Ryan fired back against Hochul with a countersuit for retaliation and defamation, calling the moves a power grab to “consolidate political power” and potentially shutter the hospital for private development.
An FBI probe into the allegations kicked off in April 2025, with Blakeman cooperating amid claims of stolen documents and break-ins tied to the scandal.
House Oversight Committee Chairman James Comer has taken the fight to Washington. In a Jan. 16 letter to Oz, Comer demanded a briefing and formal guidance on DSH funding sources, blasting New York for “misrepresenting the source of the non-federal share” to trigger federal dollars.
“Whistleblowers report that the State has concocted a scheme by which it has forced a safety net hospital to reimburse the State’s portion of the Medicaid match, despite telling the federal government the DSH funds had gone to the hospital,” Comer wrote.
His press release that day tied it to broader probes into fraudulent programs, like Minnesota’s $9 billion, or more, theft scandal. Comer’s team has partial documents from Hochul’s office but demands full compliance.
This isn’t just a New York problem — it’s a taxpayer travesty with national tentacles.
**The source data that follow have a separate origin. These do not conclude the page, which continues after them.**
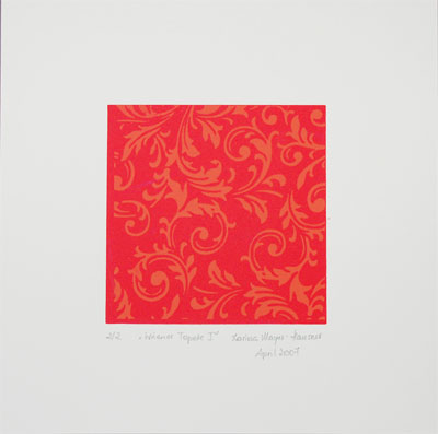 Siebdruck: Tapetenmuster in Orange auf Rot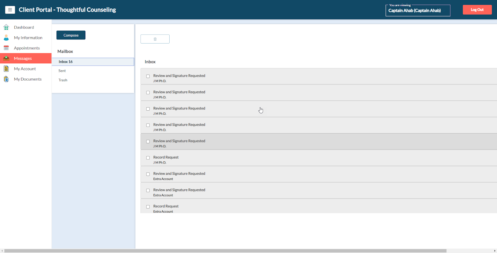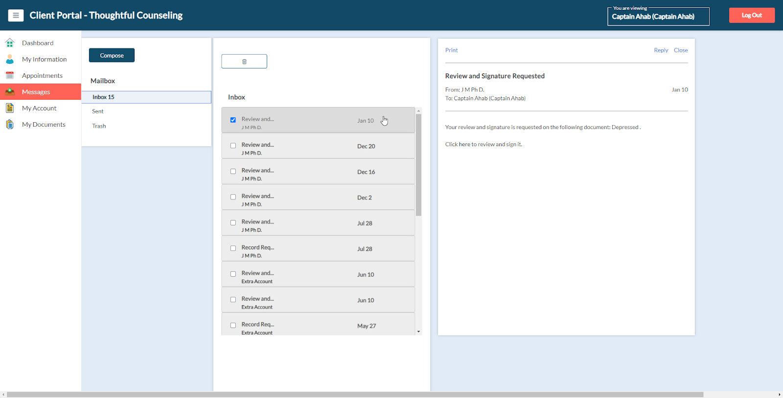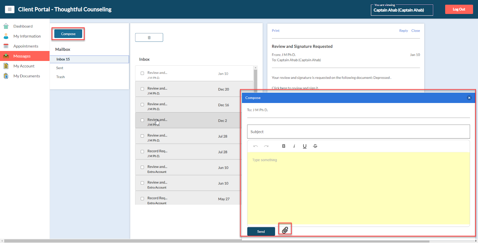 Clients can exchange secure messages with your office via the Messages section.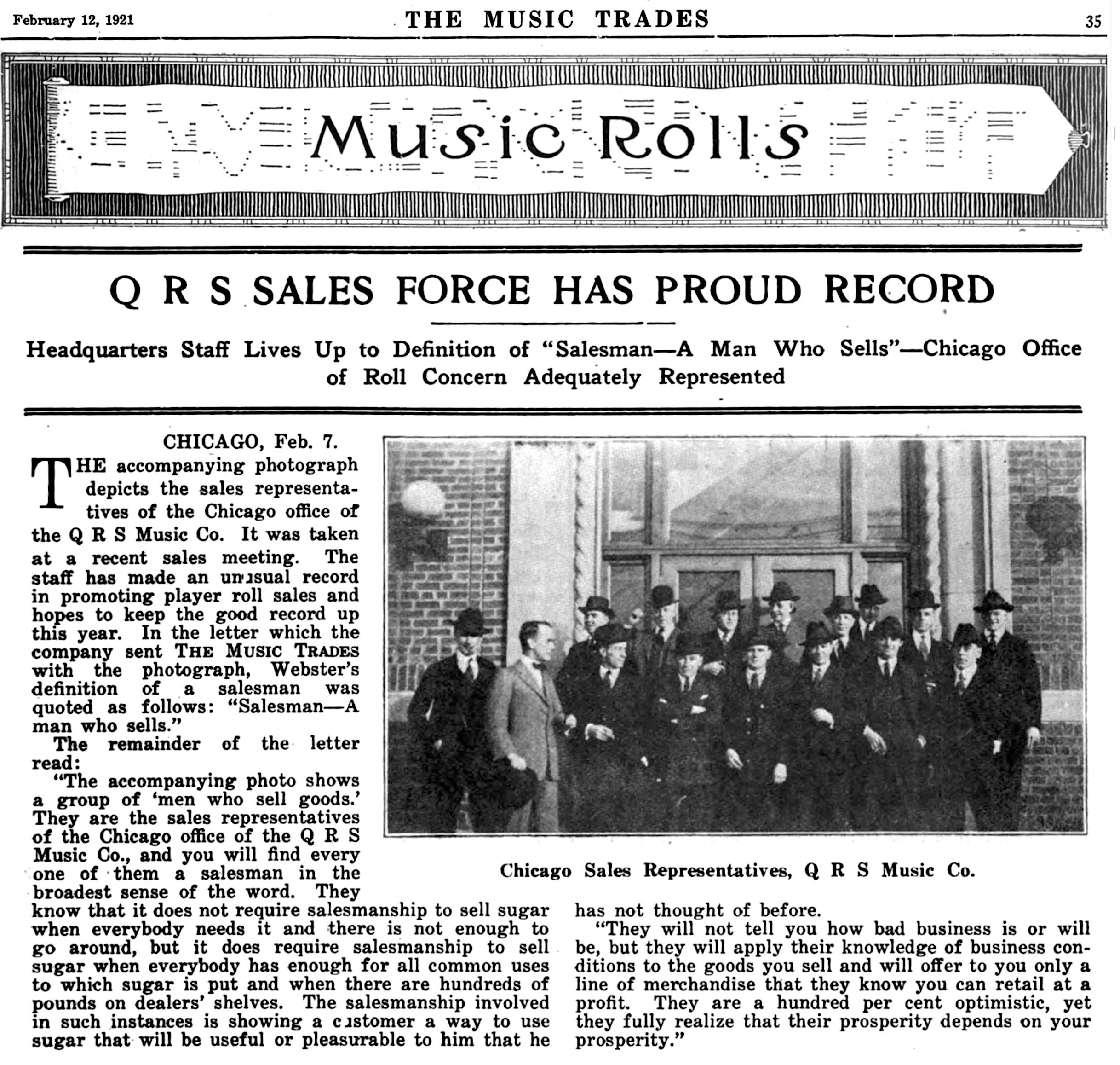 “The factories of the Q-R-S Music Co. in Chicago and New York are working night and day at present and expect to keep up this pace for some time to come,” the Music Trades reported in 1921. Thomas Pletcher was quoted in the story adding that, “Whatever other factories are doing, ours are running on time and overtime.” This was a veiled reference, perhaps, to the fact that new options in home music entertainment—specifically the radio—weren’t causing any concern in the QRS house.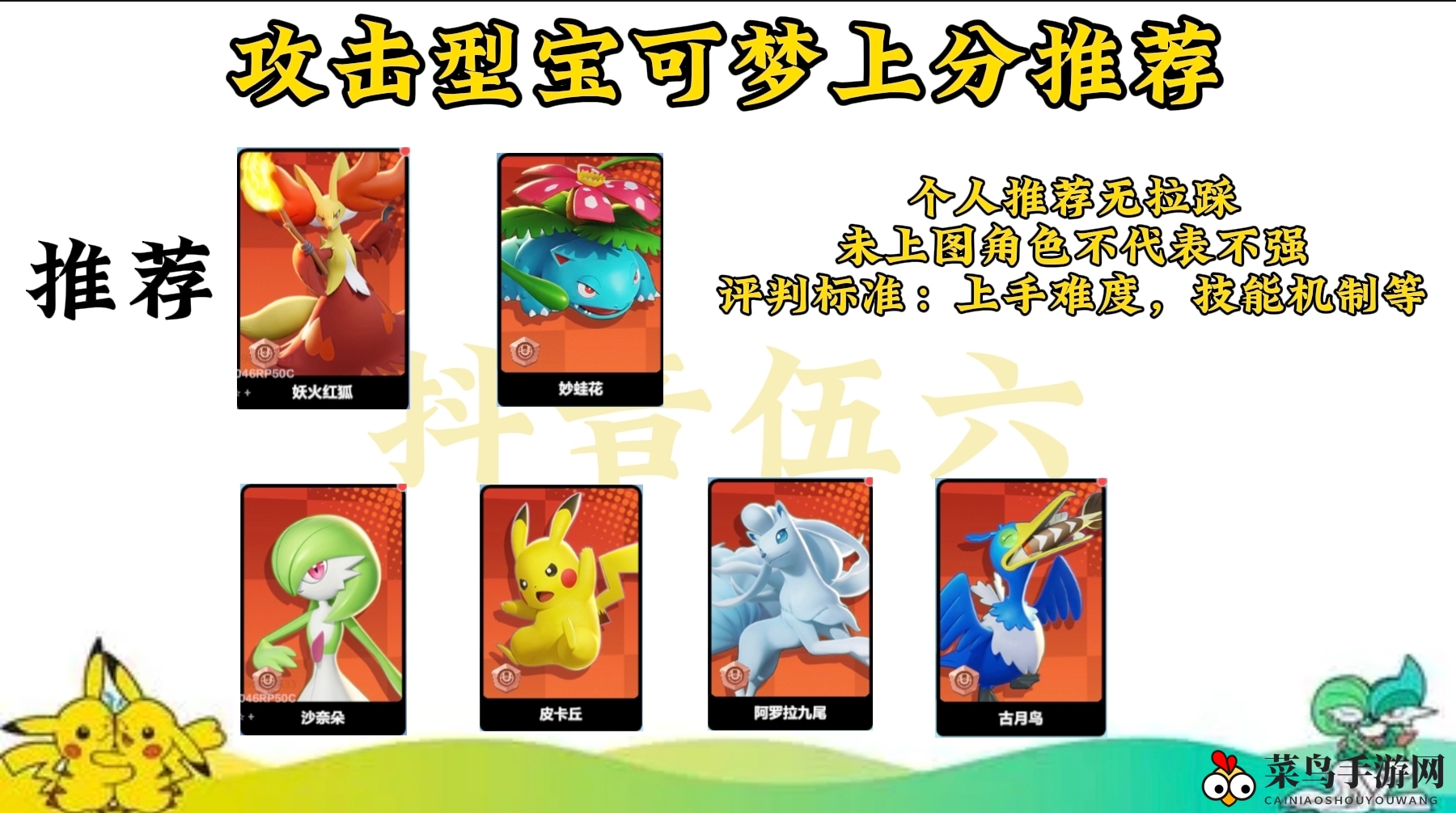 攻击型宝可梦上分推荐,妖火红狐和妙蛙花操作简单,兼具控制和高速优势。

Insiders whisper that if the state pulled this with NUMC, it may have done similarly with New York’s roughly 200 DSH-eligible hospitals, nearly all of which receive such payments.
Extend that to other cash-strapped blue states, and the fraud could balloon to tens of billions over a decade, affecting over 2,000 DSH hospitals nationwide that serve the most needy.
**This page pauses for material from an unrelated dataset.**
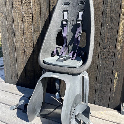 Barnstol för cykel, att fästa på pakethållaren. För barn 6 månader - 6 år, 9 - 22 kg. 3-punktsbälte. Justerbara fotstöd. Monteras på ramen. Gott använt skick.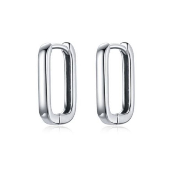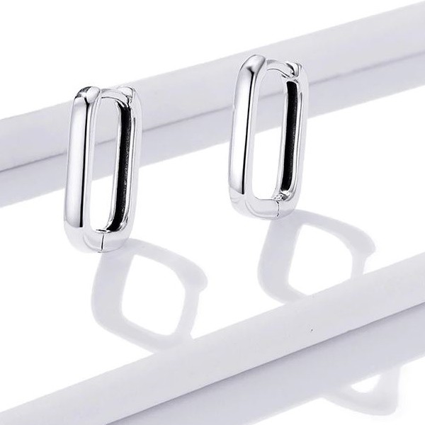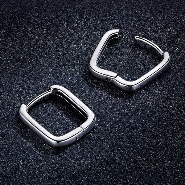 Štvorcové dámske náušnice vyrobené zo striebra, s hladkými líniami. Veľkosť 1,3 × 1,2 cm, hmotnosť cca. 1,5 g.

Hannah Anderson, senior director of policy at the America First Policy Institute, sees it as part of a rotten system.
“Medicaid fraud diverts resources from vulnerable patients and steals from taxpayers, so accountability should apply regardless of position or party,” she told Newsmax.
On whether this is isolated to NUMC, she said: “Medicaid’s financing structure has long created opportunities for abuse if guardrails are weak. Just look at what’s happening in Minnesota.”
Anderson warned that it’s likely the tip of the iceberg, urging leaders to “demonstrate leadership to restore public trust” rather than look the other way.
Still, she defends the programs’ purpose.
“Matching programs exist to ensure states can support hospitals that serve high-need populations,” Anderson said. “The goal is to stabilize care access for low-income patients. The problem is not necessarily the existence of matching funds, but the complexity and opacity of some financing mechanisms.”
The probe comes amid a torrent of revelations about criminal schemes bleeding the system dry. Federal prosecutors have nailed cases like a $68 million Brooklyn fraud ring involving kickbacks for phantom home care services at adult day care centers, and another where 10 defendants billed Medicaid for nonexistent home health aide work.
Oz highlighted a 121% spike in non-medical transportation spending in recent months, warning of “coordinated fraud” where the same providers bill for day care and rides that may never happen.
Hochul’s office pushed back, touting reforms that saved $2 billion by cracking down on wasteful middlemen in home care programs. They accused Republicans of plotting to gut health services for the vulnerable.
But no one in Hochul’s administration — or from the Department of Health and Human Services, NUMC, or the FBI — would speak to Newsmax on the record for this report.
While no public figure has explicitly called for arrests of Hochul or others, Anderson didn’t hold back.
“If investigators determine that officials or hospital administrators knowingly misrepresented expenditures or manipulated funding structures to improperly draw federal Medicaid dollars, then prosecution would be warranted,” she said.
As Oz’s probe ramps up alongside Comer’s, the push for real accountability grows; thus, the questions that Oz demanded answers to from Hochul on Tuesday, including: “How does the state coordinate with law enforcement to address systemic vulnerabilities and pursue recovery of improper payments? What are the recent results of such coordination? What tools are used to detect improper provider screening, enrollment, and revalidation across locations?”
Oz gave Hochul and her team 30 days to supply him with answers.